*TASK DIRECTIONS*: What is needed here is each entry reproduced exactly, without its pictures.
-- Opening Marker --
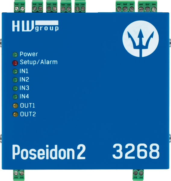 Poseidon2 3268 umožňuje připojení až 8 senzorů přes sběrnici 1-Wire UNI/1-Wire a až 4 detektorů přes binární DI vstupy. Prostřednictvím Poseidon2 3268 lze ovládat 2 DO relé výstupy NO/NC, případně až 8 virtuálních digitálních výstupů (VDO) na vzdálených jednotkách Poseidon2 nebo Damocles2 (M2M)
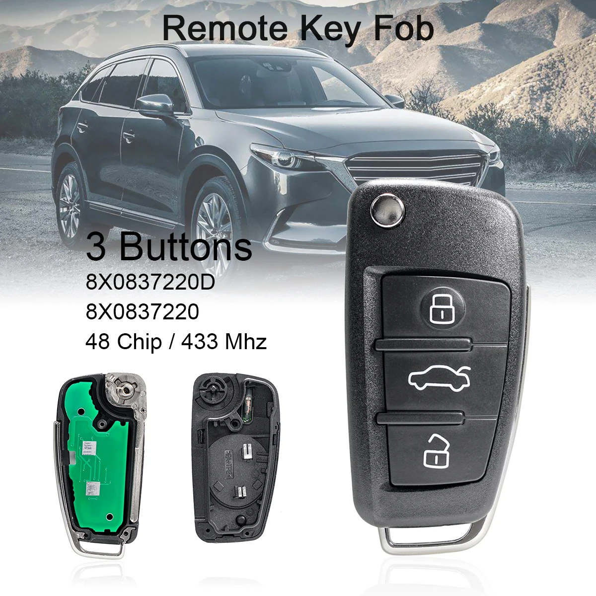 "433Mhz 3Buttons Car Remote Key with ID48 Chip /8X0837220D 8X0837220 Fit for Audi A1 Q3 S1 2010 2011 2012 2013 2014 2015 2016" * Buy Now Just For 24$
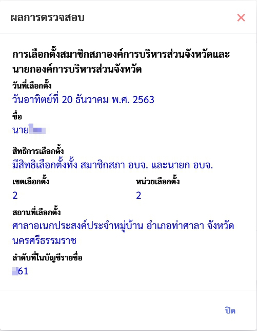 โดยเว็บไซต์จะแสดงข้อมูล สิทธิเลือกตั้ง เขตเลือกตั้ง หน่วยเลือกตั้ง และสถานที่เลือกตั้ง รวมถึงลำดับในบัญชีรายชื่อ (ให้จำลำดับให้ดี)
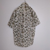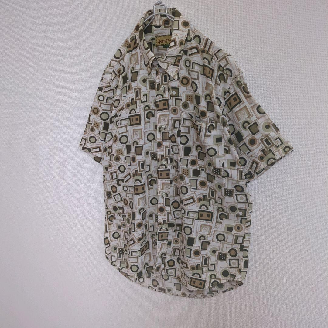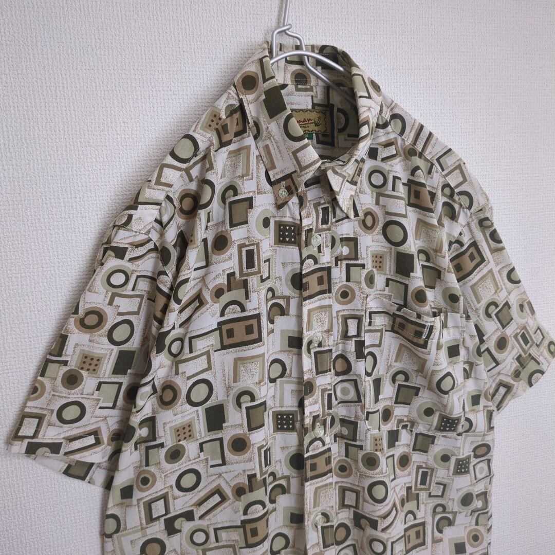 総柄シャツ 半袖 ブロック 幾何学 イタリア ベージュ
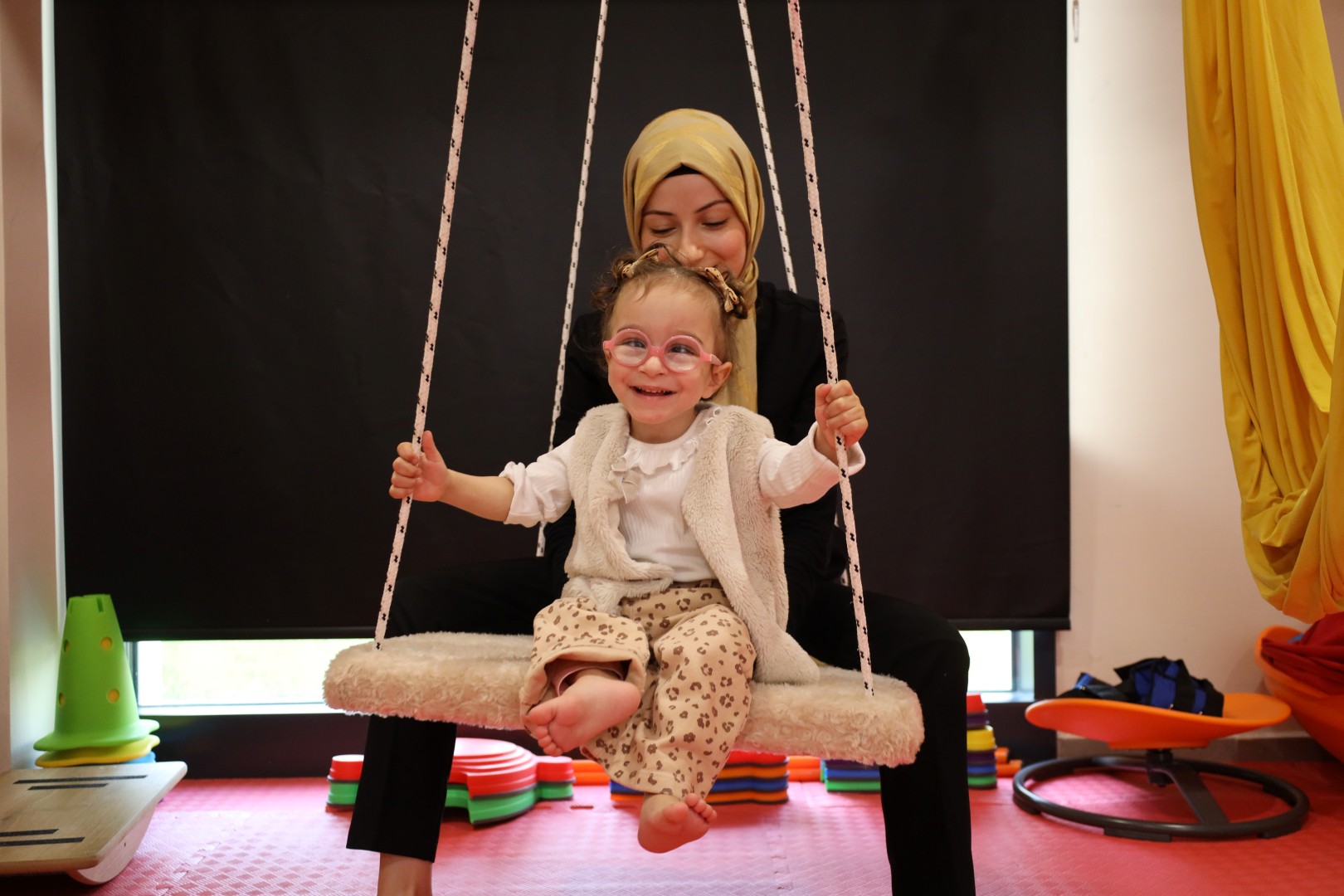 Gonca’nın tatlı dilli sevecen ve bir o kadar da güler yüzlü üyesi İpek Özkal merkez için çok değerli. 25+5 haftalık dünyaya gelen İpek, 4,5 ay yoğun bakımda kaldı. Annesi Esra Özkal o günleri “Evde neşe yoktu, sanki hava kararınca ev de kararıyordu” şeklinde özetledi. Tüm zorluklara rağmen İpek yaşama direndi. Hem minik İpek’in hem de ailesinin mücadelesi bugün birçok aileye örnek oluyor. Bu süreci Gonca ile yürüten anne Esra Hanım, İpek’in burada kendini güvende hissettiğini, yaşına uygun etkinlikler sayesinde hem sosyalleştiğini hem de özgüven kazandığını söyledi. Merkezdeki ilgi ve şefkatin, özellikle küçük yaşta olan İpek’in gelişimine büyük katkı sunduğunu vurgulayan Esra Hanım, “Onu her gün biraz daha mutlu ve istekli görmek benim için tarif edilemez bir duygu” ifadelerini kullandı.
-- Closing Marker --
*ANSWER FOR THIS EXERCISE*:
 Poseidon2 3268 umožňuje připojení až 8 senzorů přes sběrnici 1-Wire UNI/1-Wire a až 4 detektorů přes binární DI vstupy. Prostřednictvím Poseidon2 3268 lze ovládat 2 DO relé výstupy NO/NC, případně až 8 virtuálních digitálních výstupů (VDO) na vzdálených jednotkách Poseidon2 nebo Damocles2 (M2M)
 "433Mhz 3Buttons Car Remote Key with ID48 Chip /8X0837220D 8X0837220 Fit for Audi A1 Q3 S1 2010 2011 2012 2013 2014 2015 2016" * Buy Now Just For 24$
 โดยเว็บไซต์จะแสดงข้อมูล สิทธิเลือกตั้ง เขตเลือกตั้ง หน่วยเลือกตั้ง และสถานที่เลือกตั้ง รวมถึงลำดับในบัญชีรายชื่อ (ให้จำลำดับให้ดี)
 総柄シャツ 半袖 ブロック 幾何学 イタリア ベージュ
 Gonca’nın tatlı dilli sevecen ve bir o kadar da güler yüzlü üyesi İpek Özkal merkez için çok değerli. 25+5 haftalık dünyaya gelen İpek, 4,5 ay yoğun bakımda kaldı. Annesi Esra Özkal o günleri “Evde neşe yoktu, sanki hava kararınca ev de kararıyordu” şeklinde özetledi. Tüm zorluklara rağmen İpek yaşama direndi. Hem minik İpek’in hem de ailesinin mücadelesi bugün birçok aileye örnek oluyor. Bu süreci Gonca ile yürüten anne Esra Hanım, İpek’in burada kendini güvende hissettiğini, yaşına uygun etkinlikler sayesinde hem sosyalleştiğini hem de özgüven kazandığını söyledi. Merkezdeki ilgi ve şefkatin, özellikle küçük yaşta olan İpek’in gelişimine büyük katkı sunduğunu vurgulayan Esra Hanım, “Onu her gün biraz daha mutlu ve istekli görmek benim için tarif edilemez bir duygu” ifadelerini kullandı.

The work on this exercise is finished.